Isosorbide dinitrate oral modified release
- Drugs List
- Therapeutic Indications
- Precautions and Warnings
- Pregnancy and Lactation
- Side Effects
Modified release formulations of isosorbide dinitrate
Prophylaxis of angina pectoris
Treatment of angina pectoris
20 mg isosorbide dinitrate modified release (MR) twice daily (the second dose should be given 6 to 8 hours after the first) OR 40 mg MR once daily.
Patients requiring higher doses may be given either 20 mg MR three times a day (last dose taken around 6pm) OR 40 mg MR twice daily (the second dose should be given 6 to 8 hours after the first)
(See Dosage; Adult)
Children under 18 years
Hypertrophic obstructive cardiomyopathy
Low filling pressure - if treating acute myocardial infarction
Narrow angle glaucoma
Raised intracranial pressure
Toxic pulmonary oedema
Precautions and Warnings
Predisposition to narrow angle glaucoma
Glucose-galactose malabsorption syndrome
Recent myocardial infarction
Severe hepatic impairment
Severe renal impairment
Advise ability to drive/operate machinery may be affected by side effects
Assess patient's tolerance to treatment
Cross tolerance to other nitrates may develop
Tolerance may occur with prolonged use of large doses
Avoid abrupt withdrawal
Maintain treatment at the lowest effective dose
Advise patient to moderate alcohol intake during treatment
Hypotensive effect enhanced by alcohol
Advise patient not to use for relief of acute attacks
Pregnancy and Lactation
Isosorbide dinitrate should only be used in pregnancy if it is considered essential.
At the time of writing there is limited published experience concerning the use of isosorbide dinitrate during human pregnancy, however there are no reports of adverse effects occurring.
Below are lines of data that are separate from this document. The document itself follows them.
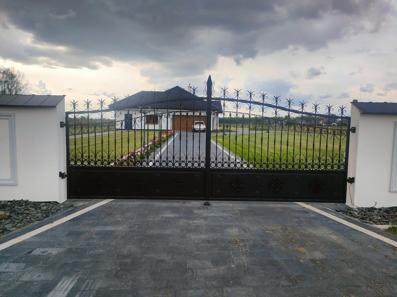 Widok frontowy na bramę, która wyznacza wyraźną i stylową granicę między przestrzenią publiczną a prywatną posesją.
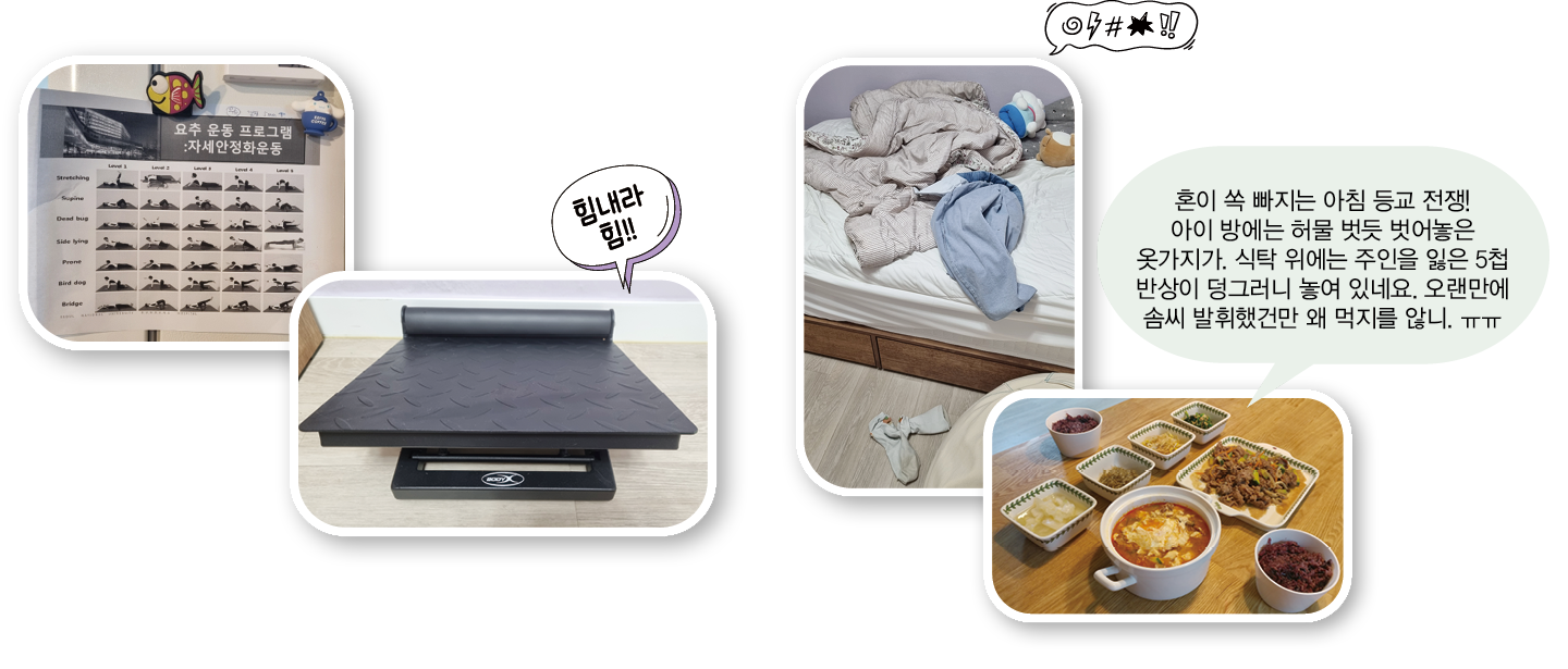 바쁜 아침에 이어 오후에는 빗길에 병원행. 평소에 요상한 자세로 공부도 하고 폰도 하고 게임도 하더니만 결국 탈이 났습니다. 요족에 거북목에 골반 불균형까지 삼관왕 달성. ㅠㅠ 공부는 체력 싸움이라는데 벌써부터 큰일이네요. 엄마 속은 타들어가는데 운동을 해야 할 당사자는 천하태평입니다. 대학병원에서 받아온 운동처방전을 냉장고 옆에 탁 붙여놨는데도 보는 둥 마는 둥, 가만히 서 있기만 해도 스트레칭 효과가 있다는 운동기구 역시 찬밥 신세네요. 결국 엄마의 잔소리를 한바가지 들은 뒤에야 마지못해 운동기구 위에 오릅니다.
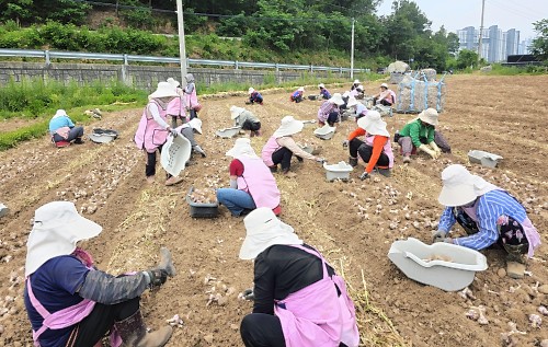 | ↑↑ 생활개선달성군연합회는 2일 유가읍 초곡리 마늘밭에서 일손 돕기를 실시했다. [달성군 제공] |

The molecular weight (about 236) is low enough that passage to the foetus should be expected. Dose related toxicity has been observed in rabbits at doses 35 and 150 times the maximum recommended human doses. Studies have shown that isosorbide dinitrate may be effective in reversing the effects of endothelial cell dysfunction which is observed in preeclampsia, but further studies are required (Briggs, 2011). Schaefer (2007) concludes that nitrates may be used in pregnancy for the appropriate indications.
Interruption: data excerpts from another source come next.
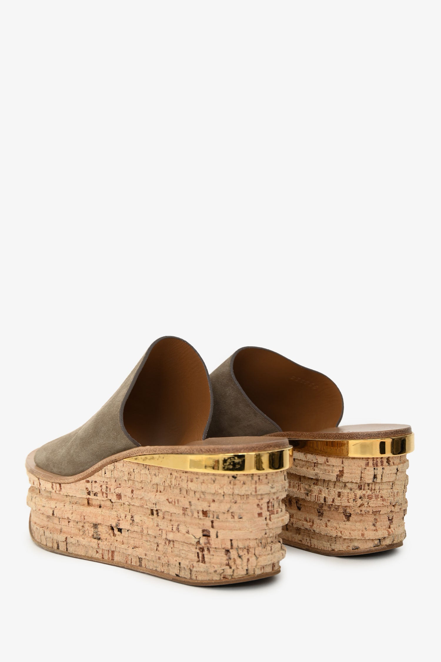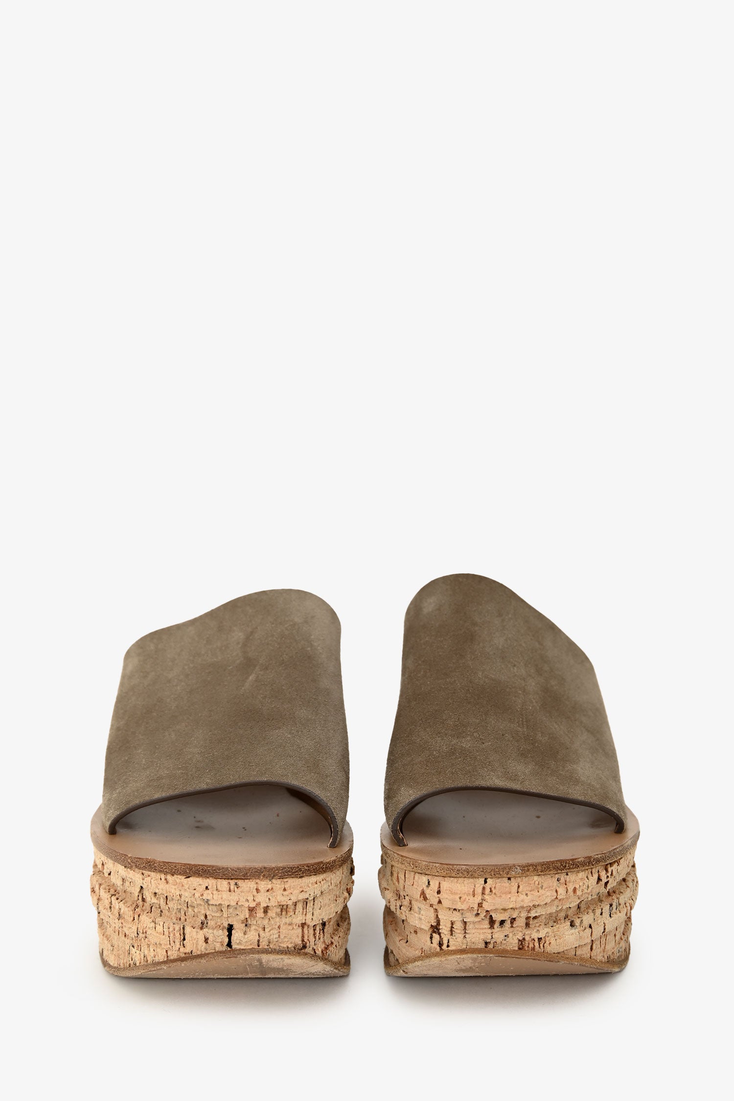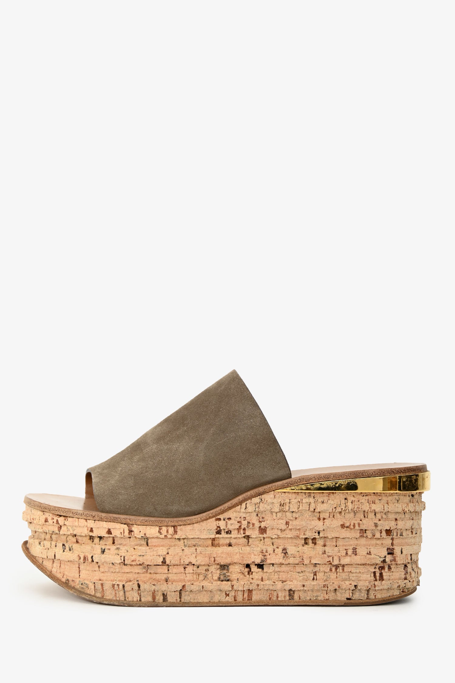 Refresh availabilityChloe Taupe Suede Camille Sandals. Open round toe. Suede trim. Cork, stacked heel. Tonal stitching.
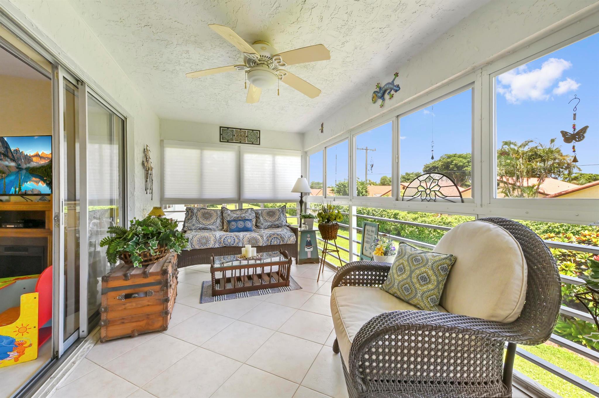 Welcome to Bridgeview Condominums, a vibrant 55+ community offering comfort and convenience in a prime location. This well-maintained corner unit condo features 1,220 sq ft of living space with 2 bedrooms and 2 bath. Enjoy natural light throughout with elegant plantation shutters on all windows and impact windows throughout. The kitchen comes equipped with appliances and ample cabinetry for storage. Interior finishes include a mix of tile and laminate flooring for easy maintenance. The spacious master bedroom includes a sitting area and direct access to the bath. Relax and unwind on your covered enclosed porch with sliding windows and screens, perfect for morning coffee or evening breezes.
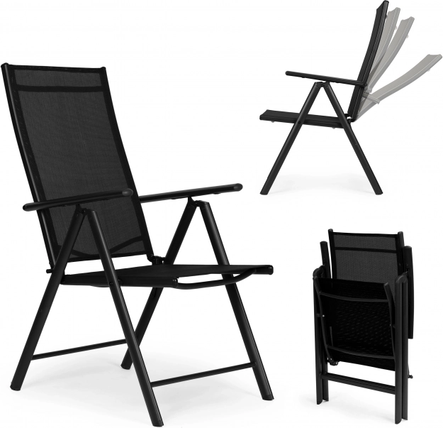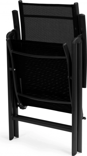 Židle se rychle skládají do kompaktních rozměrů, takže je bez potíží uložíte nebo vezmete na piknik či grilování. Protiskluzové a ochranné koncovky chrání podlahu před poškrábáním. Moderní černé provedení se hodí na terasy, balkony i do zahrad, stejně tak do venkovních restaurací.
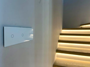 Op de foto ziet u een Livolo 3-voudige touchschakelaar, gecombineerd met sfeervolle trapverlichting op de achtergrond. Perfect voor een strak en stijlvol interieur met slimme bediening.
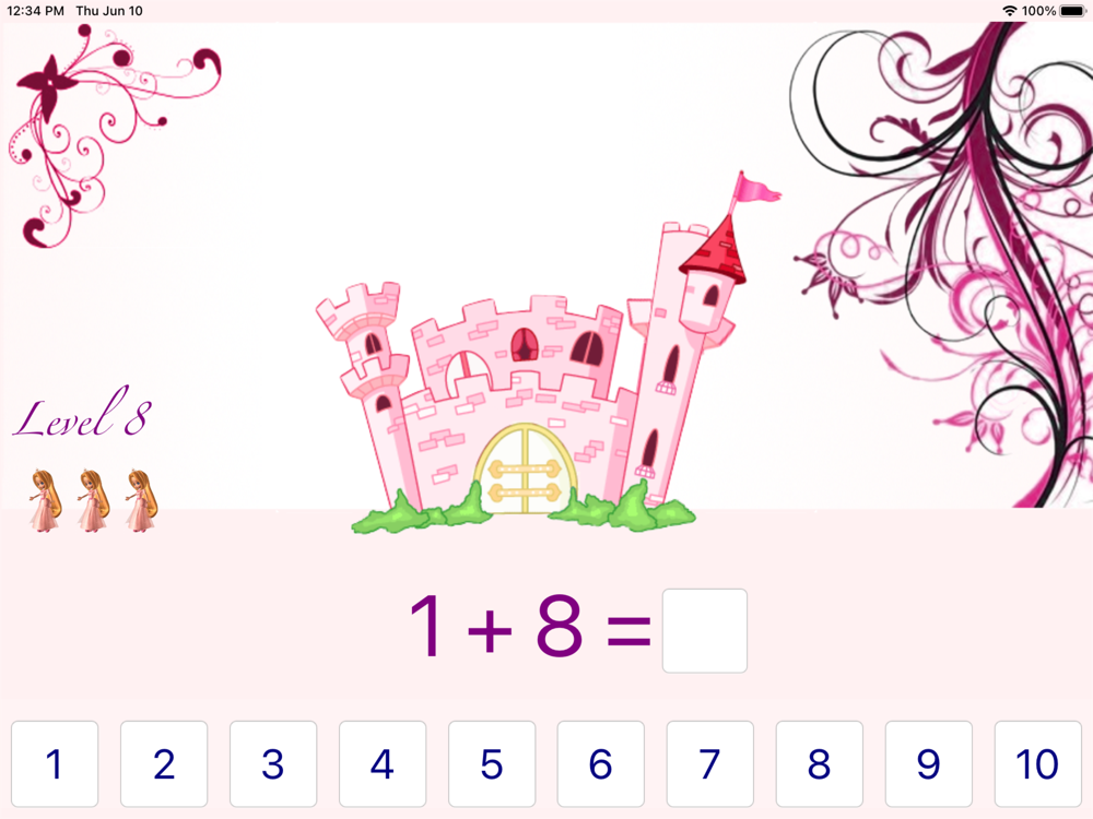 Der Schwierigkeitsgrad wird mit jeder Runde erhöht, so dass das Spiel auch noch nach vielen Runden nicht an Reiz verliert. In den späteren Runden kommen weitere Aufgabentypen dazu: zunächst Subtraktion und später Aufgaben vom Typ 3 + ? = 5 (eingetragen werden muss dann 2). Noch später werden verkettete Aufgaben gestellt (2 + 4 -1 = ?). Wer das Schloss vollständig in der 20. Runde gebaut hat, bekommt Zufallsaufgaben, die dann auch Multiplikation und Division enthalten. So können die Kinder auch später testen, wie weit sie mit maximal drei Fehlern kommen.

The use of all medication in pregnancy should be avoided whenever possible; particularly in the first trimester. Non-drug treatments should also be considered. When essential, a medication with the best safety record over time should be chosen, employing the lowest effective dose for the shortest possible time. Polypharmacy should be avoided. Teratogens taken in the pre-embryonic period, often quoted as lasting until 14 to 17 days post-conception, are believed to have an all-or-nothing effect. Where drugs have a short half-life, and when the date of conception is certain, this may allow women to be reassured where drug exposure has occurred within this time frame. Further advice may be available from the UK National Teratology Information Service (NTIS) and through ToxBase, available via password on the internet ( www.toxbase.org ) or if this is unavailable at the backup site ( www.toxbasebackup.org ).
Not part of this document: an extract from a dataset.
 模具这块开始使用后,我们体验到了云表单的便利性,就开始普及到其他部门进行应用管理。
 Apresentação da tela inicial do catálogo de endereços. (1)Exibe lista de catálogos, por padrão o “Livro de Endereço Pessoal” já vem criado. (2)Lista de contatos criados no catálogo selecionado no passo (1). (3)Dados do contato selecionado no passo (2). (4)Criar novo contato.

Use isosorbide dinitrate with caution in breastfeeding.
At the time of writing there is limited published experience concerning the use of isosorbide dinitrate during breastfeeding, however there are no reports of adverse effects occurring. The molecular weight (about 236) is low enough that passage into the breast milk should be expected, but effects on the nursing infant are unknown. Schaefer (2007) concludes that the short half life and usually brief use, argue against a toxic risk for the breastfed infant.
Neonates, infants born prematurely, those with low birth weight, those with an unstable gastrointestinal function or who have serious illnesses may require special consideration. For any infant, if a drug is prescribed to the nursing mother, it should be at the lowest practical dose and for the shortest time. When drug administration is unavoidable and breastfeeding is to continue, minimisation of exposure of the infant to the drug may sometimes be achieved by timing the maternal doses to just after a feeding episode. Infants exposed to drugs via breast milk should be monitored for unusual signs or symptoms. Interactions between the drug received by the infant from the mother's milk and medication prescribed for the infant should also be considered, for example, when the drug given to the infant may prevent metabolism of the drug received via breast milk.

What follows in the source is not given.